Problem 15-4 (Algo) Finance/sales-type lease; lessee and lessor [LO15-1, 15-2, 15-3]
Rand Medical manufactures lithotripters. Lithotripsy uses shock waves instead of surgery to eliminate kidney stones. Physicians’ Leasing purchased a lithotripter from Rand for $2,050,000 and leased it to Mid-South Urologists Group, Incorporated, on January 1, 2024.

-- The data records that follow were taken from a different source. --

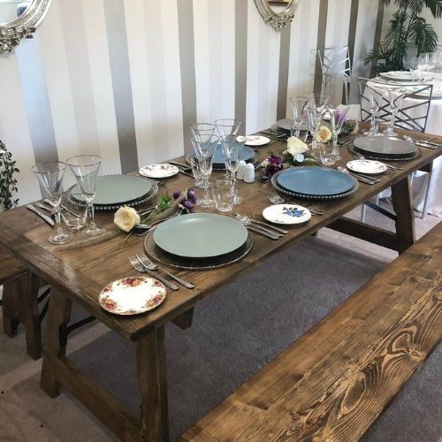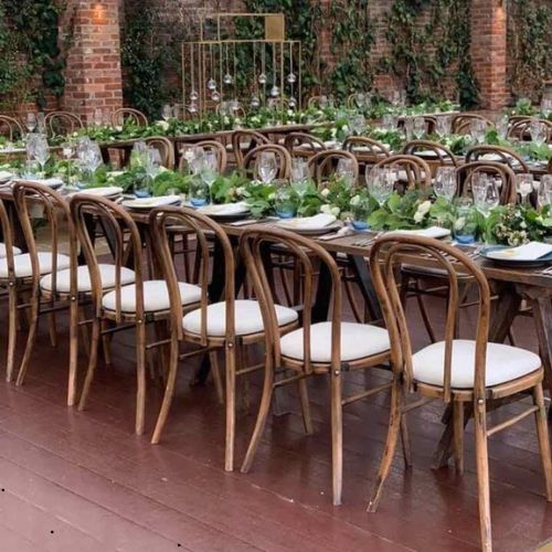 Our NEW Rustic Wedding Table is the star of the party. The table matches perfectly with our Bentwood Rustic Oak Chair (seen in picture), as well as our favourite Diamond Coloured Glassware. We recommend experimenting with some colours. Why not mix it up with coloured plates, some colourful napkins and gold cutlery!
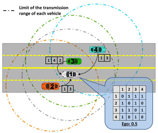Due to the high mobility of the vehicles in VANETs, getting all network topology knowledge is not an easy task. The egocentric betweenness measure is computed using only the available local knowledge; in that case, the adjacency matrix of one-hop neighbours. Each vehicle gets the local knowledge of the network topology by means of periodic beacon packets broadcast by its neighbours. The beacon transmission frequency employed was 1 Hz. Since the vehicle’s beacon packets are only useful to adjacent neighbours, the beacons received are not forwarded. Therefore, the information exchanged among vehicles is lists of neighbours, as illustrated in Figure 4. In this example with four vehicles, the grey vehicle (labelled as 1), receives the lists of neighbours of all vehicles that are currently within its transmission range (vehicles labelled as 2, 3 and 4). Once having received the lists, the vehicle constructs the adjacency matrix representation and calculates the egocentric betweenness score, according to Section 3.2. Each vehicle updates the egocentric betweenness score, whenever a new list is received.
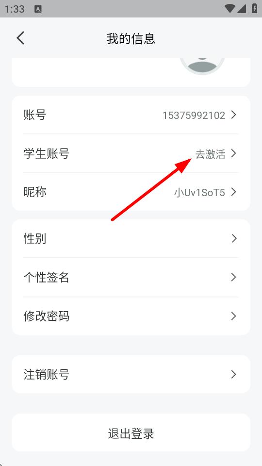 3、在我的信息页面中,找到学生账号选项,点击右侧的去激活按钮。
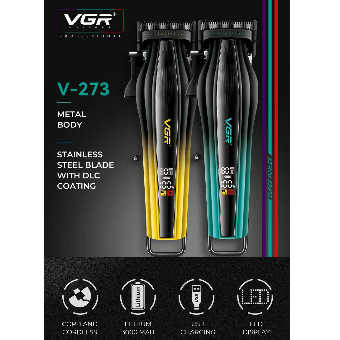 Акумуляторна машинка для стриження (clipper) VGRV-273 GREEN, 6 насадок, 8000 RPM, 3000 mAh, LED display
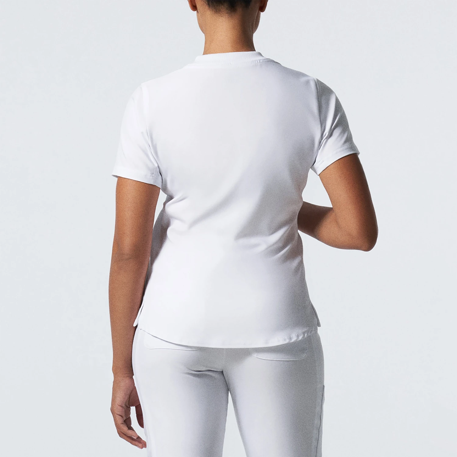 You will fall in love with this women’s scrub top with its soft rib-knit side panels and neckband, which allow for comfort and ease of movement. Two front welt pockets and a badge loop provide plenty of storage and an on-seam zipper pocket keeps your items secure. Our modern tailored fit flatters your shape, while our moisture-wicking super stretch fabric provides the comfort and flexibility your work requires throughout the day.
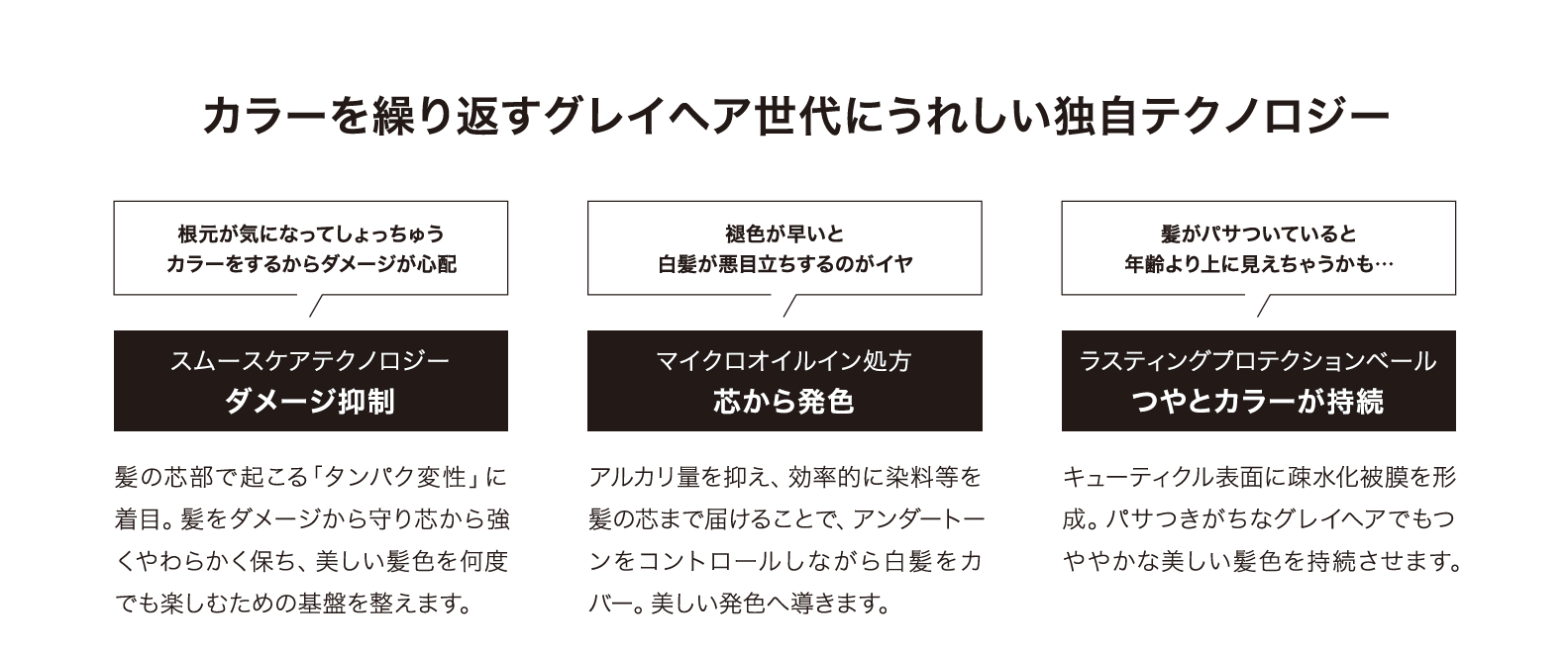 ラスティングプロテクションベールがキューティクル表面に疎水化被膜を形成し、パサつきがちなグレイヘアでもつややかな美しい髪色を持続させます。
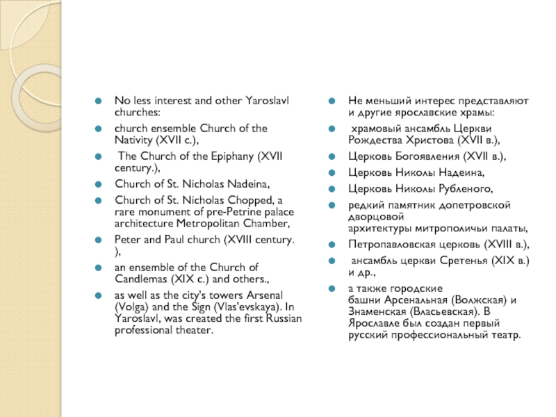 а также городские башни Арсенальная (Волжская) и Знаменская (Власьевская). В Ярославле был создан первый русский профессиональный театр.

Note: Use tables, Excel, or a financial calculator. (FV of $1, PV of $1, FVA of $1, PVA of $1, FVAD of $1 and PVAD of $1)
Lease Description: | |
Quarterly lease payments | $ 122,913—beginning of each period |
Lease term | 5 years (20 quarters) |
No residual value; no purchase option | |
Economic life of lithotripter | 5 years |
Implicit interest rate and lessee’s incremental borrowing rate | 8% |
Fair value of asset | $ 2,050,000 |
Required:
- How should this lease be classified by Mid-South Urologists Group and by Physicians’ Leasing?
- Prepare appropriate entries for both Mid-South Urologists Group and Physicians’ Leasing from the beginning of the lease through the second rental payment on April 1, 2024. Adjusting entries are recorded at the end of each fiscal year (December 31).
- Assume Mid-South Urologists Group leased the lithotripter directly from the manufacturer, Rand Medical, which produced the machine at a cost of $1.7 million. Prepare appropriate entries for Rand Medical from the beginning of the lease through the second lease payment on April 1, 2024.